東栄町の花祭のHPから、「流れと舞の種類」を参考に進めると、

 

花の舞

「子供の初舞台となる舞は花の舞で、早い子は5歳くらいで祭りに参加し始めます。花の舞は盆に始まり、湯桶肩と成長に合わせて持ち物を替えて舞います。花の舞を舞い終わると少年の仲間入りをして、三ツ舞へと進んで行きます。」

どの踊りも基本的に手に持つものを変えて、同じ所作の踊りが繰り返されるので、1、2組を見てからまた車に戻って休むことを繰り返し、4時半ごろやっと「榊鬼」が登場した。


榊鬼の舞

「鬼の中でも最も重要とされる鬼で、反閇を踏み、大地に新しい生命力や活力を吹き込み、自然の恵みや、五穀豊穣をもたらす鬼といわれています。役鬼に伴う鬼として何人かの鬼が舞庭に出てきますが、これを伴鬼といいます。」

ここ、御園の榊鬼は、根の付いた榊を持つのが特徴だそうで、途中で鉞に持ち替える。

鬼が焚火を掻き揚げるのが見どころと聞いていたので、そろそろかな、というときに外の焚火のところへ行って鬼が来るのを待ち構えた。

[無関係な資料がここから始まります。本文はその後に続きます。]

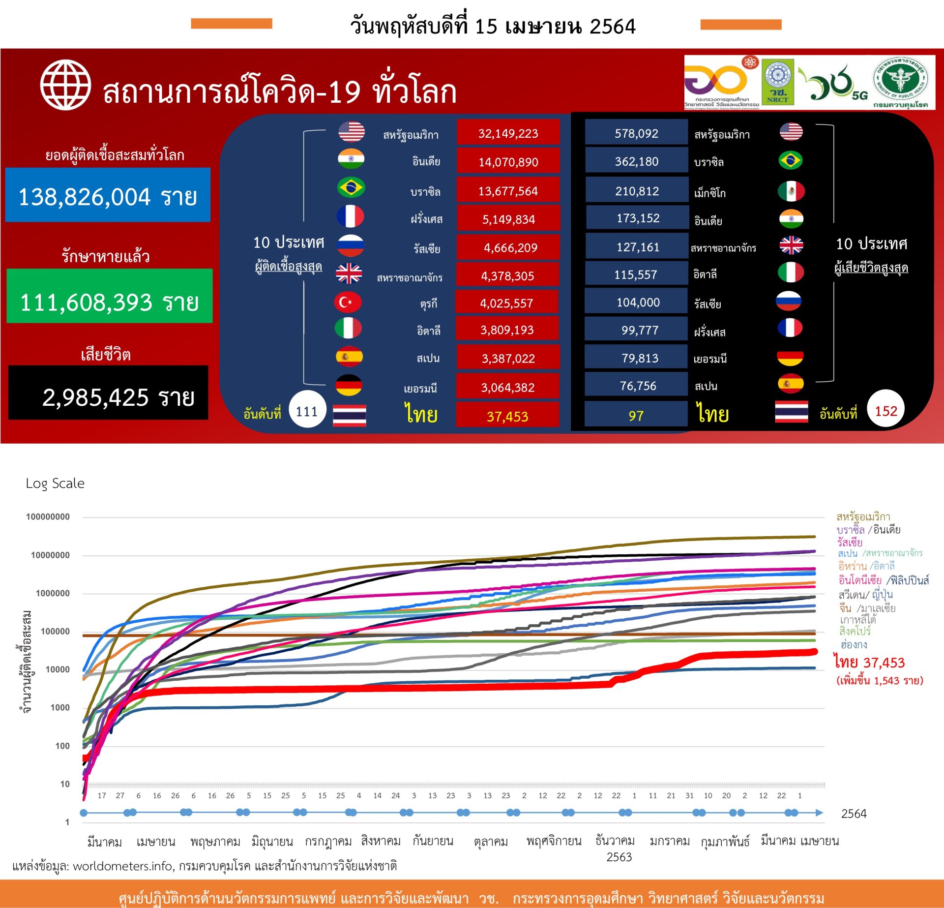 - ยอดผู้ติดเชื้อสะสมทั่วโลก 138.8 ล้านราย มีจำนวนผู้เสียชีวิตสะสมกว่า 2.98 ล้านราย

鬼は横に焚火を掻き揚げたので、私にいろいろ教えてくれたカメラマンはもろに火の粉を浴びて、上着の何箇所かに穴があいてしまったと、後で見せてくれた。

火の禰宜~翁の舞

榊鬼が退場すると、面を着けた「翁(火のねぎ)」が登場して、「禰宜さま」と漫才調の問答をする。そして「すりこぎ(みそぬり)」と「しゃもじ(めしぬり)」が登場、人踊りすると、我々見物人の顔に味噌とめしを塗りにくるので、見物人は逃げ惑う。私は「めしぬり」に塗ってもらい、無病息災。

そんななか「おさんど(お多福)」「みこ」も登場して、舞処は混沌とした雰囲気。最後に「翁」が登場してひとまず落ち着く。

四つ舞

「青年4人が舞うもので、時間も長く複雑な所作が含まれており、強い体力と洗練された技術が必要とされます。扇・ヤチ・剣の採り物がある。」

この舞は長いので、車へもどって一休みして、湯を沸かし、カップ麺とコーヒーで朝食とする。

 

湯ばやしの舞

「この舞は最も軽快なテンポの舞で、少年4人が藁を束ねて作ったタワシ(湯たぶさとも言う)を持って舞い、舞の終盤、釜の湯を所構わずに振り掛けます。そのために舞庭も見物人もビタビタに濡れますが、この湯は「生まれ清まりの産湯」ともいわれ、この湯を浴びると病にかからないと、村人に歓迎されています。」

 

わたしは、カッパを着たほうが良いと聞いていて、幸い車にカッパの上着を積んでいたので、それを着てビデオを撮ったが、たっぷりお湯をかけられ、ズボンはかなり濡れた。無病息災。

朝鬼の舞

「舞の最後を締めくくるように、朝方に登場することが多かったことから朝鬼とも呼ばれます。」

朝鬼の伴鬼で可愛い子鬼がいた。

獅子の舞

「釜祓いの獅子、清めの獅子とも言われ、花祭りの最後を飾る舞。」

獅子舞の定番で無病息災を願う子供たちの頭を噛んでいた。

ここまででお昼の12時ごろ。

 

舞が済んだ後、「びゃっけ」を降ろす神事の「ひいな下ろし」を途中まで見て、帰途に就いた。